(Stored dataset items)
= = = = = = =
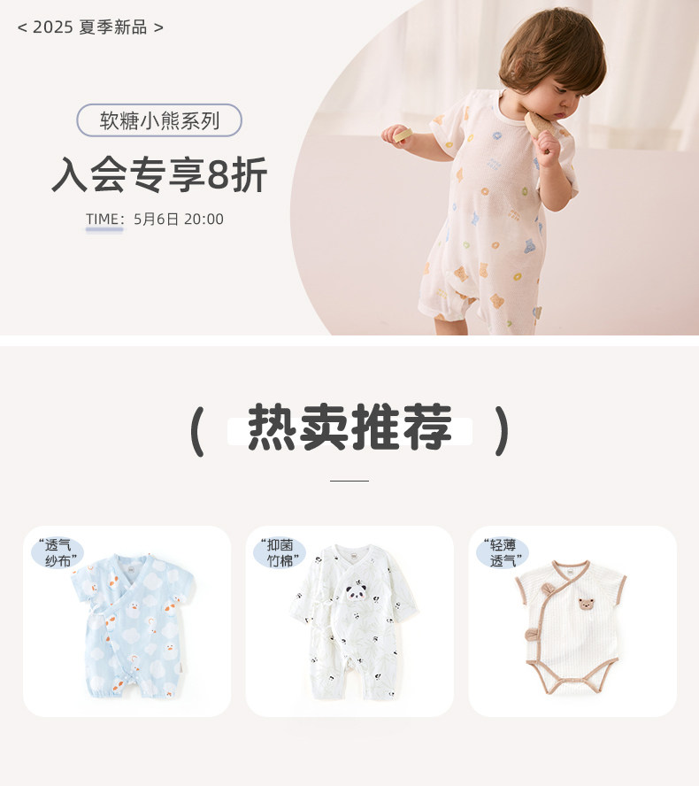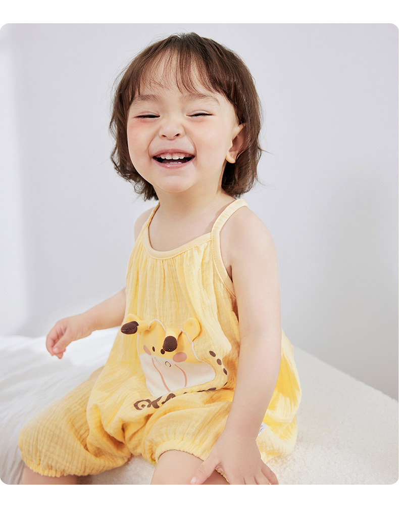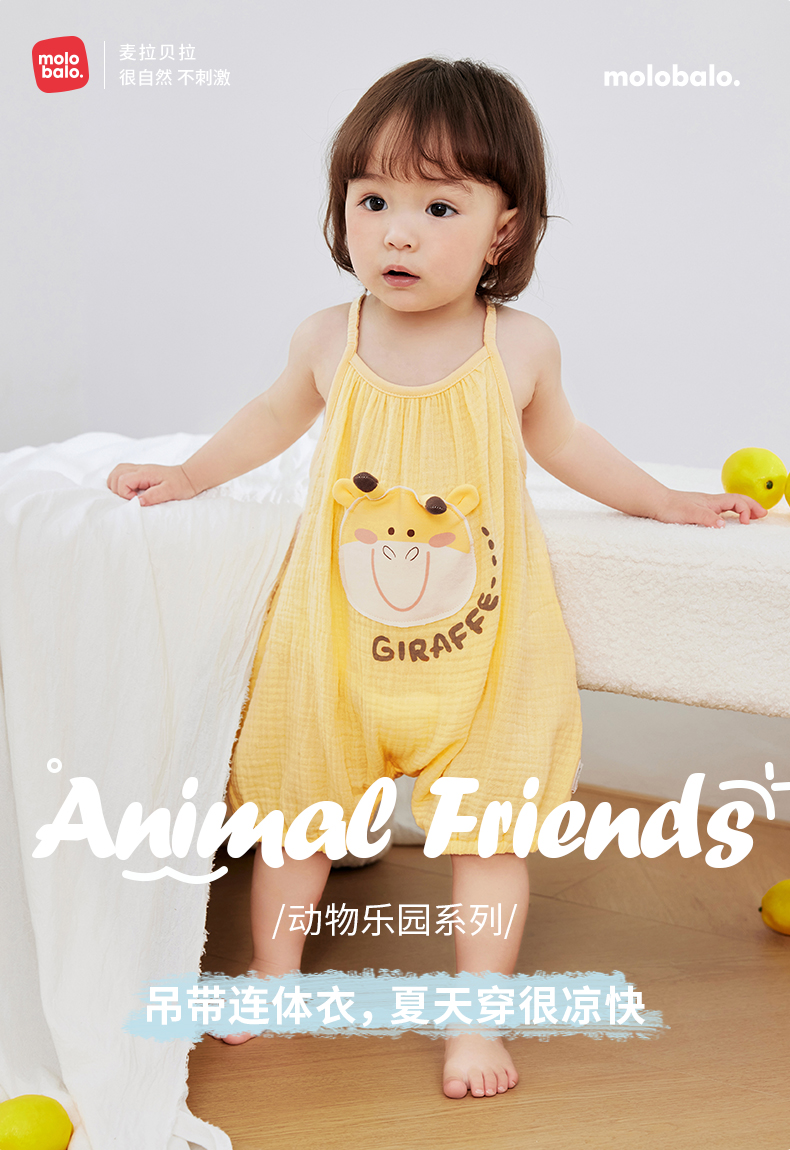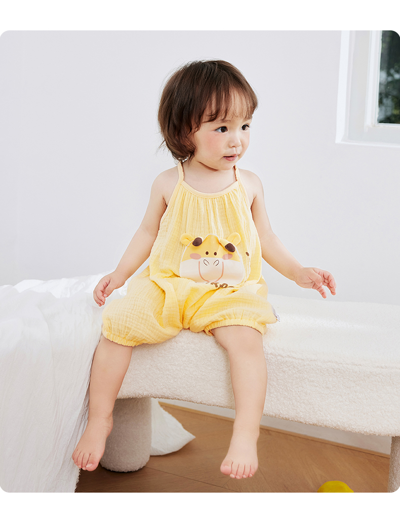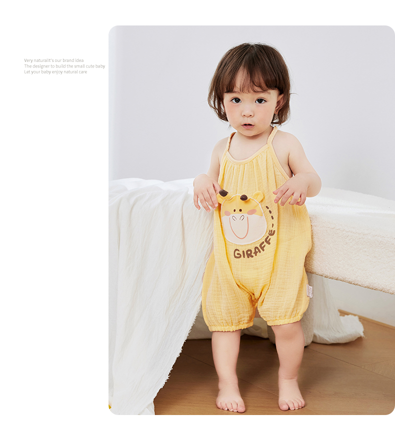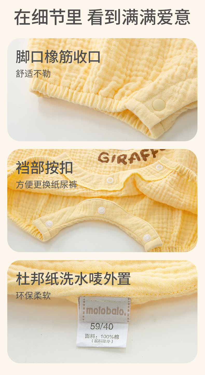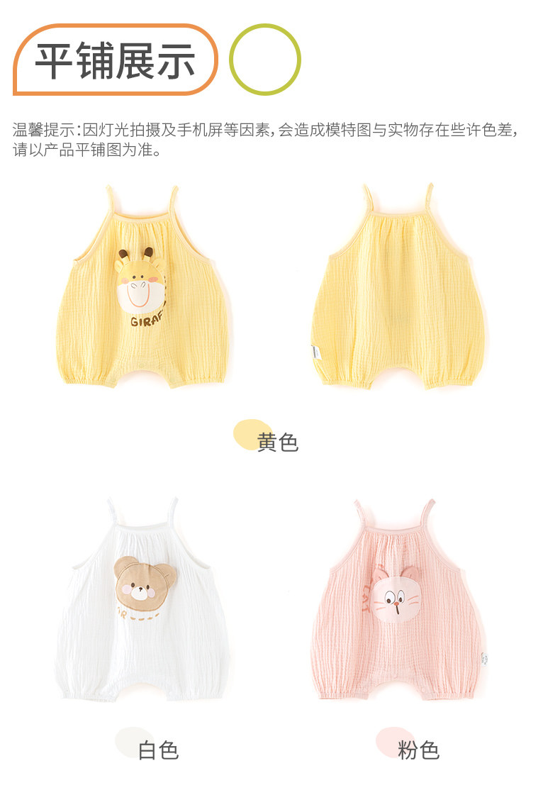 麦拉贝拉婴儿吊带连体衣纱布纯棉薄款透气夏季男女宝宝哈衣爬服装
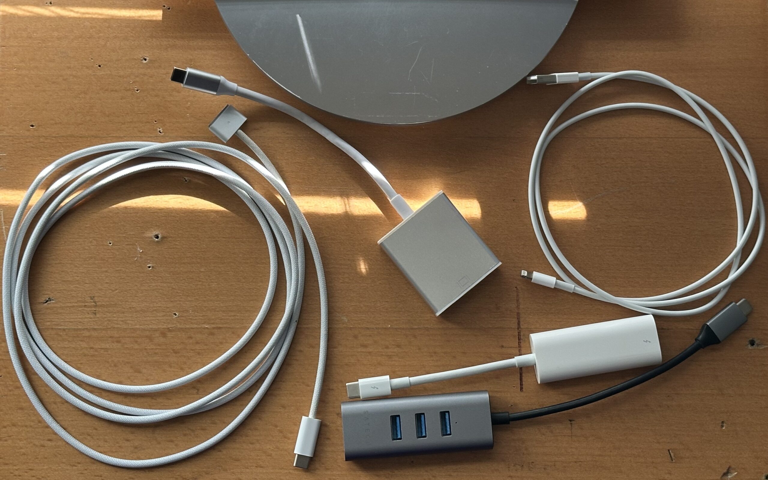3: A TB3 to TB2 adapter, Gigabyte Gaming Box, and USB-C to DVI Adapter
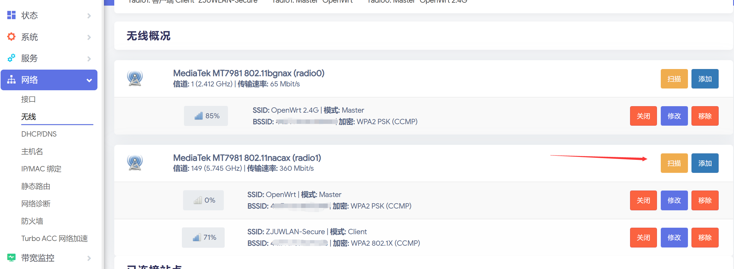 在网络 - 无线 - 无线概况中点击对应频段的扫描按钮,并连接对应无线网络即可。对于路由器连接校内 WiFi,请参照硬路由(3)—— 校园网 & 认证方案对应部分。
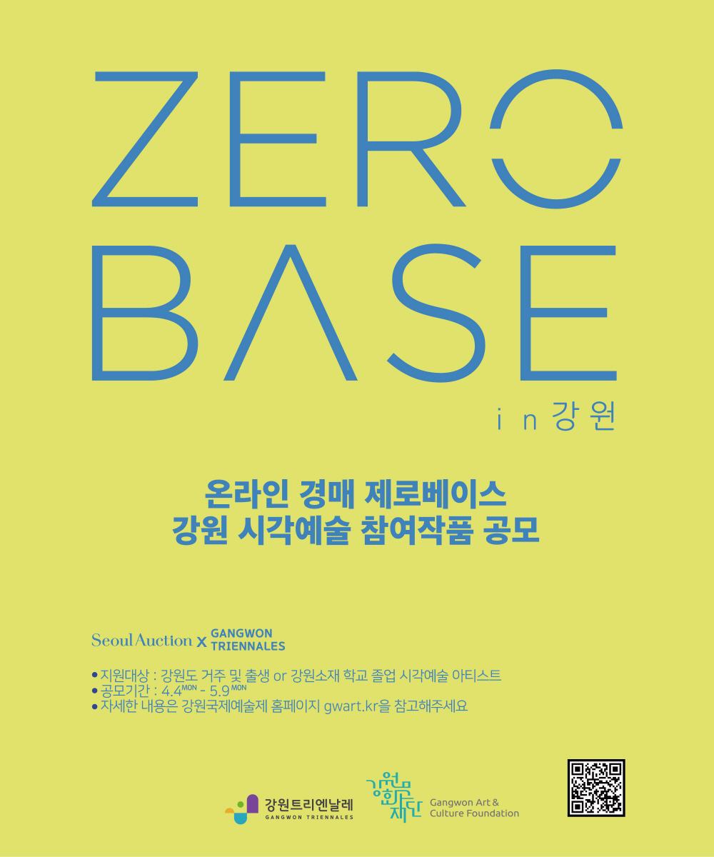 (재)강원문화재단(대표이사 김필국) 강원국제예술제운영실은 서울옥션과 함께 ‘제로베이스×강원트리엔날레’에 참여할 역량 있는 강원도 시각예술 분야 작가를 내달 9일까지 공개 모집한다.
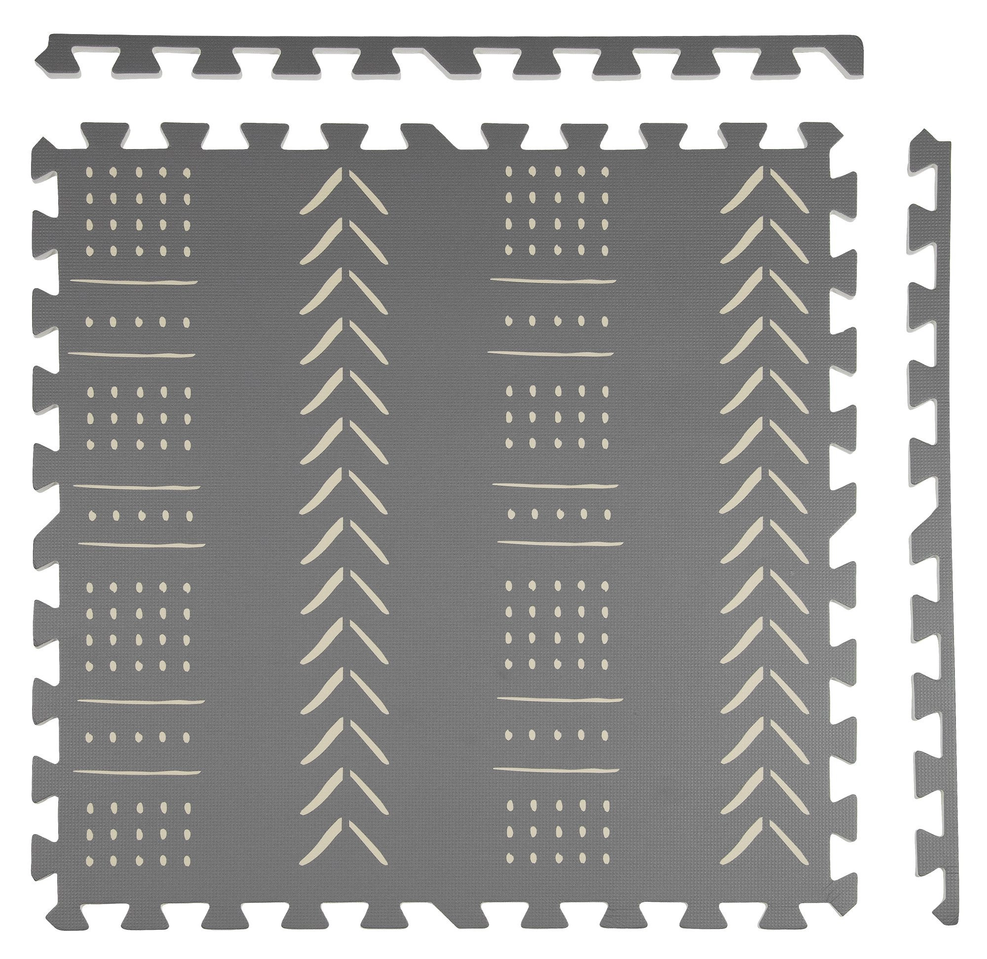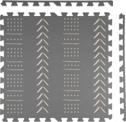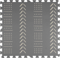 De stijlvolle en praktische HUMBI kinderspeelmat van schuim bestaat uit 3 grote tegels van 60 × 60 cm en 6 randen. Biedt een zachte ondergrond om te spelen, uitstekende isolatie tegen kou, is waterdicht, anti-slip en makkelijk te reinigen. Bevat geen schadelijke stoffen en voldoet aan de normen EN 71 en REACH. Subtiele grijze boho patronen passen in elk interieur.
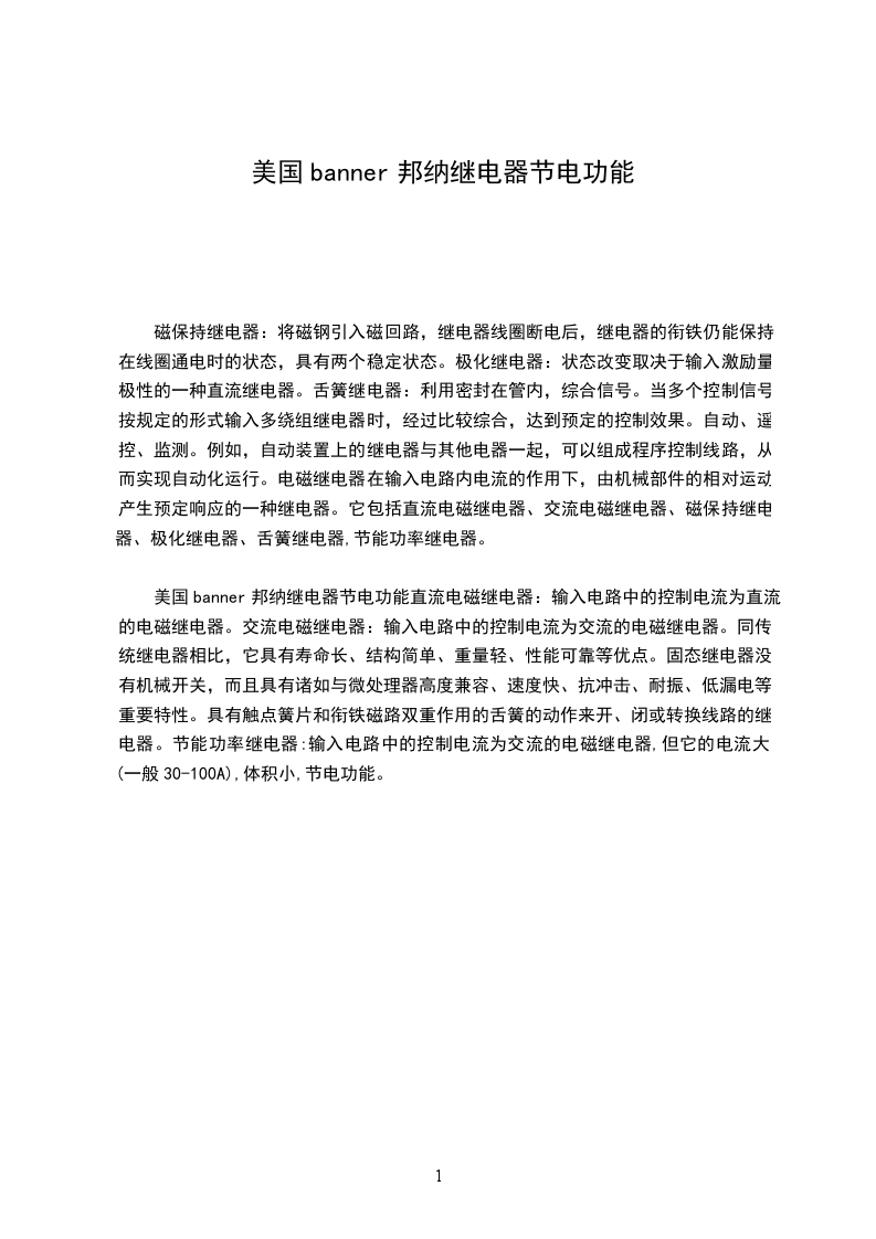 美国banner邦纳继电器节电功能直流电磁继电器:输入电路中的控制电流为直流的电磁继电器。交流电磁继电器:输入电路中的控制电流为交流的电磁继电器。同传统继电器相比,它具有寿命长、结构简单、重量轻、性能可靠等优点。固态继电器没有机械开关,而且具有诸如与微处理器高度兼容、速度快、抗冲击、耐振、低漏电等重要特性。具有触点簧片和衔铁磁路双重作用的舌簧的动作来开、闭或转换线路的继电器。节能功率继电器:输入电路中的控制电流为交流的电磁继电器,但它的电流大(一般30-100A),体积小,节电功能。
= = = = = = =
[Your instructions]
Transcribe every line in the entries above, taking out only the images.

[Result of this task]
 麦拉贝拉婴儿吊带连体衣纱布纯棉薄款透气夏季男女宝宝哈衣爬服装
3: A TB3 to TB2 adapter, Gigabyte Gaming Box, and USB-C to DVI Adapter
 在网络 - 无线 - 无线概况中点击对应频段的扫描按钮,并连接对应无线网络即可。对于路由器连接校内 WiFi,请参照硬路由(3)—— 校园网 & 认证方案对应部分。
 (재)강원문화재단(대표이사 김필국) 강원국제예술제운영실은 서울옥션과 함께 ‘제로베이스×강원트리엔날레’에 참여할 역량 있는 강원도 시각예술 분야 작가를 내달 9일까지 공개 모집한다.
 De stijlvolle en praktische HUMBI kinderspeelmat van schuim bestaat uit 3 grote tegels van 60 × 60 cm en 6 randen. Biedt een zachte ondergrond om te spelen, uitstekende isolatie tegen kou, is waterdicht, anti-slip en makkelijk te reinigen. Bevat geen schadelijke stoffen en voldoet aan de normen EN 71 en REACH. Subtiele grijze boho patronen passen in elk interieur.
 美国banner邦纳继电器节电功能直流电磁继电器:输入电路中的控制电流为直流的电磁继电器。交流电磁继电器:输入电路中的控制电流为交流的电磁继电器。同传统继电器相比,它具有寿命长、结构简单、重量轻、性能可靠等优点。固态继电器没有机械开关,而且具有诸如与微处理器高度兼容、速度快、抗冲击、耐振、低漏电等重要特性。具有触点簧片和衔铁磁路双重作用的舌簧的动作来开、闭或转换线路的继电器。节能功率继电器:输入电路中的控制电流为交流的电磁继电器,但它的电流大(一般30-100A),体积小,节电功能。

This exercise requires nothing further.